Aujourd’hui encore, nous parlons de bateaux, de pinasses et de marins du Bassin. Ce sera aussi l’occasion d’évoquer le souvenir du professeur Jacques Bernard, récemment décédé et qui fut l’un des maîtres de notre histoire locale. Il le fut, notamment, dans ses ouvrages comme « Histoire du Bassin » et dans l’incontournable « Navires et gens de mer à Bordeaux de 1400 à 1550 » dont les précieux renseignements proviennent pour beaucoup d’archives anglaises. Ce qui le qualifie inexorablement pour parler des pinasses. Et savez-vous qu’il ruine complètement quelques hypothèses linguistiques quant à l’origine du mot ? Jacques Bernard révèle qu’on savait réellement peu de choses sur leur nom, jusqu’en … 1988. C’est alors qu’un historien, nommé Michaël Barkham Huxley, qui fouinait dans des actes notariés en a découverts, datant de 1545. Il y a déniché des marchés de construction passés pour des pinasses de vingt tonneaux, des grosses, donc, mais naviguant sur la côte basque. Et on y lit avec étonnement que les dites pinasses sont construites en bois de chêne et de châtaigner ! Ainsi, le nom de la pinasse arcachonnaise ne devrait-il rien au fait qu’elle soit constituée en robuste bois de pin coupé dans la Forêt Usagère testerine ? Voilà donc ce que la vérité historique ferait des plus belles légendes !
Ce qui n’empêche pas des pinasses de naviguer concrètement depuis bien longtemps sur le Bassin, mais ce sont des « pinassottes », beaucoup plus petites que celles des Basques. C’est d’ailleurs pourquoi, l’administration qui a toujours eu besoin d’y voir clair dans ses textes réglementaires, a appelé nos pinassottes des « Tilloles » pour les distinguer de leurs lourdes consœurs du sud. Car, pour pêcher dans l’océan, les marins testerins, gujanais ou autres s’embarquaient, en réalité, sur de grosses chaloupes, longtemps non pontées, puisqu’il y a toujours eu des marins sur le Bassin, dont beaucoup osaient affronter les passes pour gagner l’océan. Où ils ne pêchaient pas la fortune !

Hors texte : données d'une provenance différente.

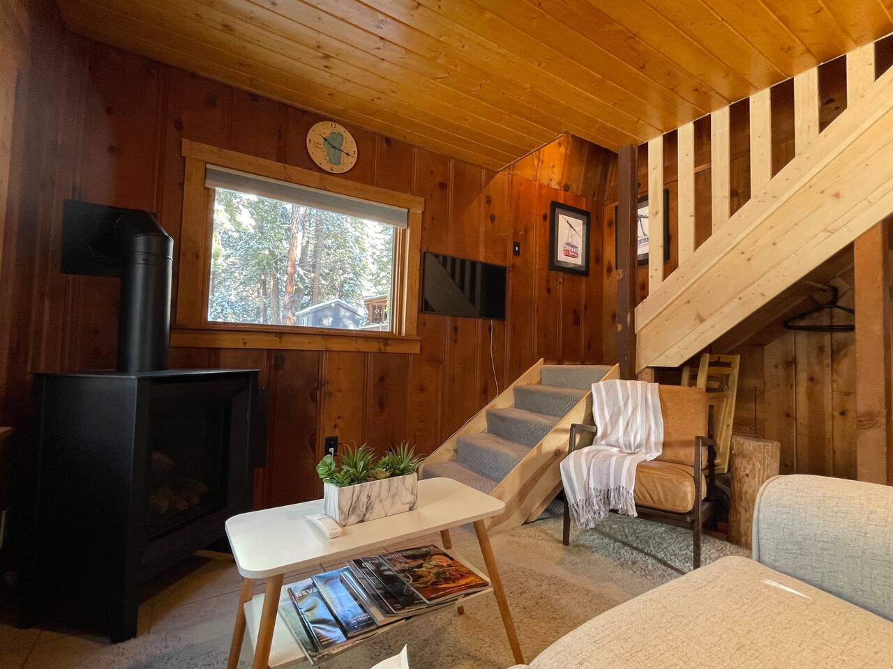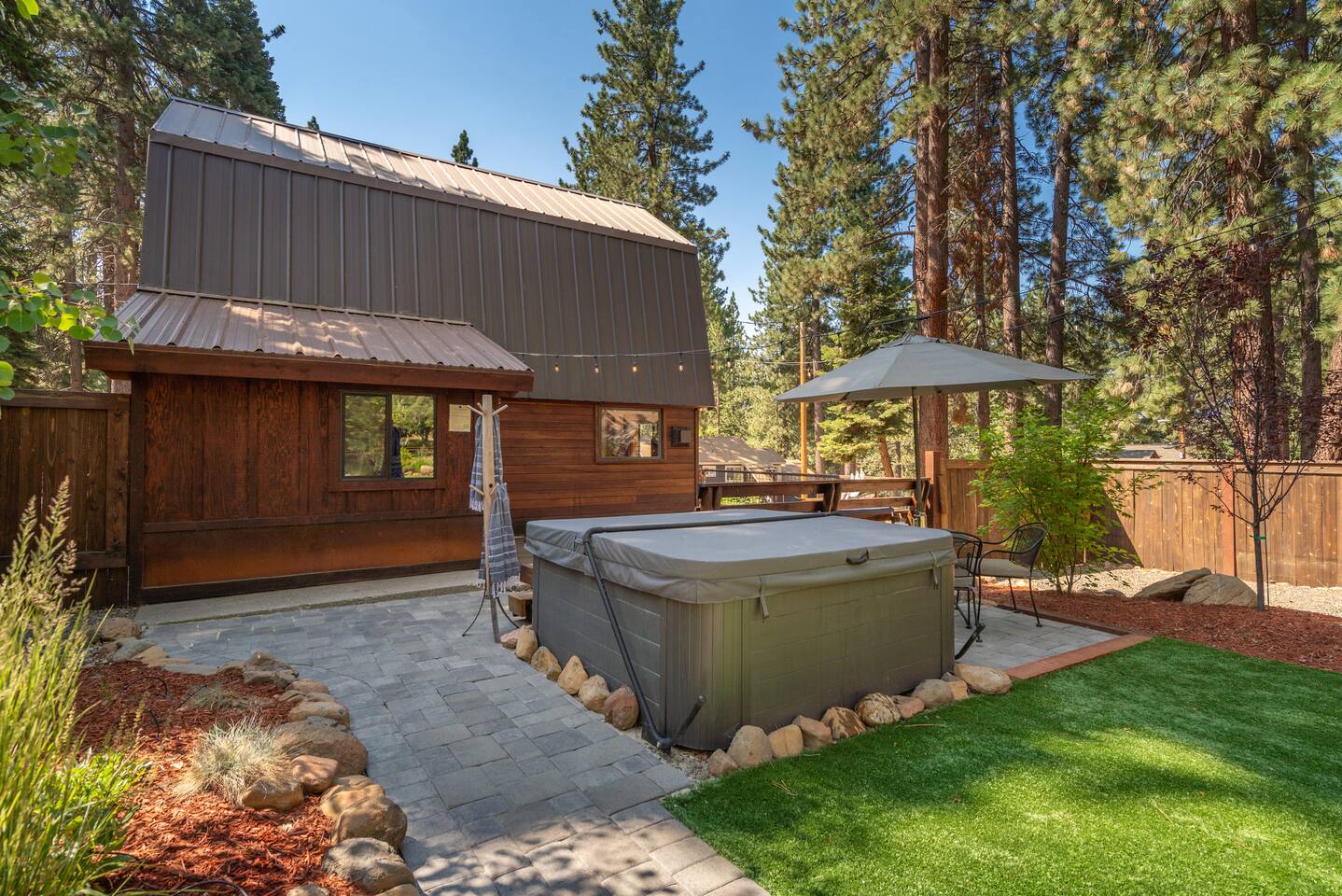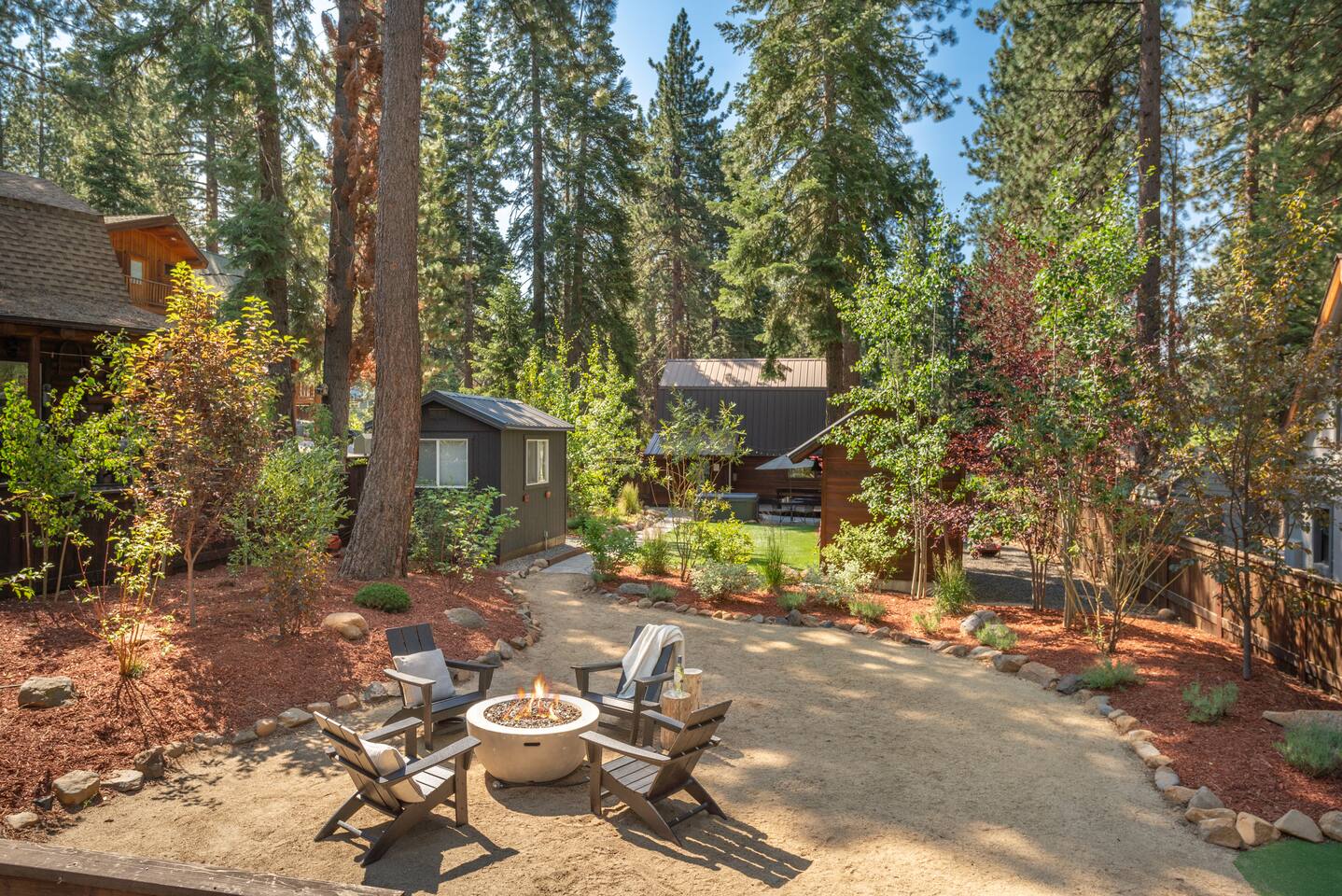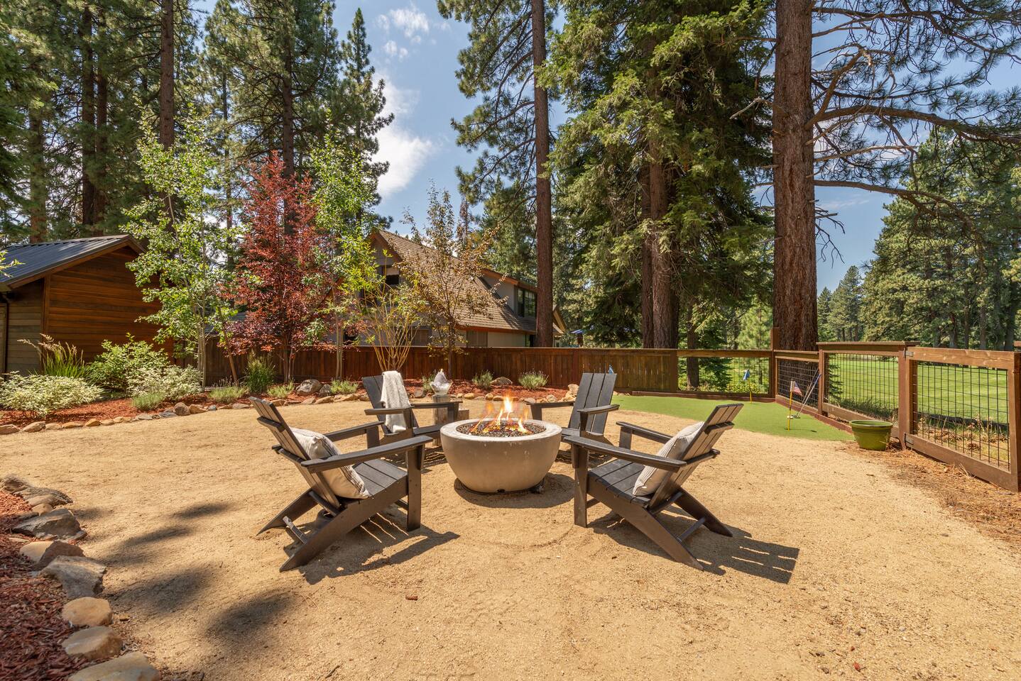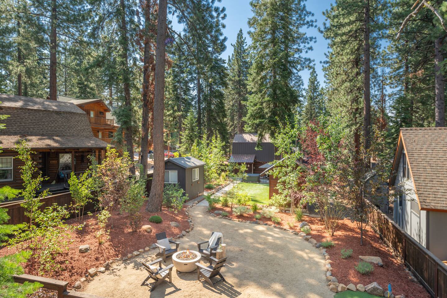 Our family lived in this home for 3.5 years as we remodeled it to prepare it for you, our guest. So there are the luxuries of a vacation rental with the comforts of a thoughtfully updated home. It was originally built in 1947 as a summer cabin on the golf course. Through landscaping and thoughtful updates, this home has been restored to its glory as an enjoyable cabin escape. The quarks of a small cabin are still there, such as VERY uneven floors and narrow staircase, but the comforts of modern living are tucked throughout, including an insulated Work-From-Home office Shed with full desk and cozy infrared space heater. Enter via the front door into the living room, or come around the back to the Mud Room with heated tile floors, washer and dryer, chest freezer, bench, custom shoe rack and plenty of outlets for your boot warmers. Enjoy the cozy living room with Samsung Frame TV (with high speed internet and ACCESS to all your favorite apps. You supply your own log ins, however) and modern gas stove (new in 2020). Dining at the West Elm table is most comfortable for two, but we also supply 2 folding chairs so that 4 people can dine together and a leaf for even more elbow room. The kitchen was fully remodeled in 2019 with quartz counters, full size dishwasher, gas range and giant toddler-bathtub-sized stainless steel sink. Custom uplighting in the open shelving allows you to show off your best wine or whiskey bottles. The under-counter double beverage fridges offer the same capacity as a normal sized fridge, but the small hassle of bending over is the trade off for wide open counter tops for pleasurable cooking prep. Please note that these refrigerators are technically beverage fridges, so they only get down to 39 degrees. They will keep your food safe to eat, but they will not keep veggies crisp as long as a traditional residential fridge will. We are a short walk to Safeway, so we recommend only buying the food you need for a few days at a time. The stairs to the second floor are narrow, but they have been carpeted for comfort and safety. Upstairs you will find both Queen bedrooms and a half bath we lovingly call a "luxury airline bathroom". It is small, but efficient and handy to have a toilet and sink upstairs near the bedrooms. Each room has a queen bed outfitted in comfortable linens. One bedroom has a TV, the other has a full glass sliding door to enjoy views of the snow falling in the neighborhood. Both rooms have blackout curtains for your comfort. Please note that the main heat source is the gas stove downstairs with the heat traveling up through the staircase into the bedrooms. One bedroom has a built in space heater so it can be heated when the door is closed, but the second room does not and will not be heated if the door is closed over night. The only full bathroom is found downstairs and while it is clean and functional, our little bathroom is where the 1940's really shine in this house. The shower is very small and can be a tight fit. Please see the photos in our listing of the shower to decide if it's a good fit for you. The handle is extended well overhead and the shampoo/conditioner/body wash are mounted to the wall to allow the maximum amount of space. We do have an instant hot water heater so at least you can take a nice long hot shower and won't use it all up for your housemates. The yard with hot tub, synthetic turf, putting green, dining area and gas fire pit with Adirondack chairs are a sight to behold. The fire pit and furniture is put away in winter, but we bring it back out as soon as the snow melts. Landscaping and fully enclosed fence were installed in the spring of 2021. Market lights hang over the hot tub for evening soaks, or shut them off for a sweeping view of stars. Please do not use the hot tub after 9pm quiet hours begin. The lawn is synthetic so it is guaranteed to be green and beautiful for your visit (or white and snowy!). The back portion of the yard is decomposed granite with a beautiful view of the 3rd hole and ladies tee of Brockway Golf Course as well as dining table, putting green and gas fire pit with Adirondack chairs (all put away in winter time when there is snow on the ground). The golf course is private property, but there is a gate for you to use if you are a guest of the golf course golfing and want to run into the property for a fresh cocktail :). Our private 3 hole putting green is the perfect spot to practice your putts before walking down to the nearby clubhouse for your tee time. Please note that we do not have a BBQ grill at this property. Also out in the yard is a large insulated Work-From-Home Shed Office. This space is an excellent spot to get "away" and get some work done. There is a large corner desk, comfortable office chair, space heater, wifi extender and plenty of outlets. In the summer, there is no Air Conditioning (pretty much anywhere in Tahoe, actually) so all your neighbors will have their windows open to enjoy the cool night air. That means that every whisper and sound you make outdoors at night carries into everyone's windows. Please respect quiet hours in our sweet, quiet neighborhood. There are fans in each bedroom and the home has new insulation in the roof so it will hold the cool night air through the daytime if you close the insulated curtains first thing in the morning. This same insulation helps keep the cabin cozy and snug through the winter months. We also provide HEPA air filters for the unfortunate "smoke season" we often experience in California. For those few weeks every year where it actually gets into the 80's during the day, it is still cool in the evenings, so the recommendation for Tahoe Cooling is to open all of the windows and shades at night to cool the house down, then close them in the morning to "trap" the cool air inside the house for the day. DOGS (please note: due to allergies we cannot accept any other type of pet): We welcome your pups here, but since this is first and foremost a house

Dans un savoureux dialogue avec Charles Daney, un autre de ses grands confrères, paru dans « Arcachon-Magazine », Jacques Bernard les a évoqués ces marins, qui firent d’Arcachon, en 1900, le deuxième port de pêche de France, capable d’envoyer les plus grands navires de pêche à la morue jusque dans les brumes de Terre-Neuve. Tel, en 1932, le fameux « Marcella », le plus moderne et le plus grand du Monde. Le port de pêche d’ Arcachon s’est étendu dans tout le quartier de l’Aiguillon, y créant une véritable zone industrielle, avec des pêcheries-usines, des fabriques de moteurs et de filets, des conserveries de poissons, des ateliers de mécanique, des chantiers navals de toutes tailles, des fabriques de glace, des bistrots en quantité, quelques filles publiques arpentant les ruelles et des filets séchant sur la plage ou s’accumulaient aussi des cordages pourris, des filins rouillés et des baquets disloqués.
Dans des rues taillées au cordeau, autour des petits magasins, bouchers, merceries et épiciers fort nombreux, on voyait souvent voleter des coiffes bretonnes, surtout des basses, venues d’Audierne. Car beaucoup de marins bretons s’étaient exilés, attirés par l’importance des chalutiers et par les bonnes payes qu’on y accordait assez souvent, tandis que leurs femmes faisaient des ménages dans les villas bourgeoises ou servaient dans les restaurants des zones plus huppées de la ville. Car la vie restait dure. D’où cette anecdote racontée à Charles Daney par Jacques Bernard, au sujet d’un vieux marin. « Un jour il m’a dit tout à trac : – Tu sais où il est bien le marin ? Tu sais où il est heureux ? Tu sais quel est son élément, au marin ? Tout fier de moi, j’allais lui répondre : – La mer. Et lui, mettant sa main en biais devant sa bouche de travers, il m’a répondu dans un souffle : – Le marin, son élément, c’est son lit ! »
Décidément, il nous manque beaucoup, Jacques Bernard … Mais point de découragement. Donc, demain, quand même, on vous parlera du pays.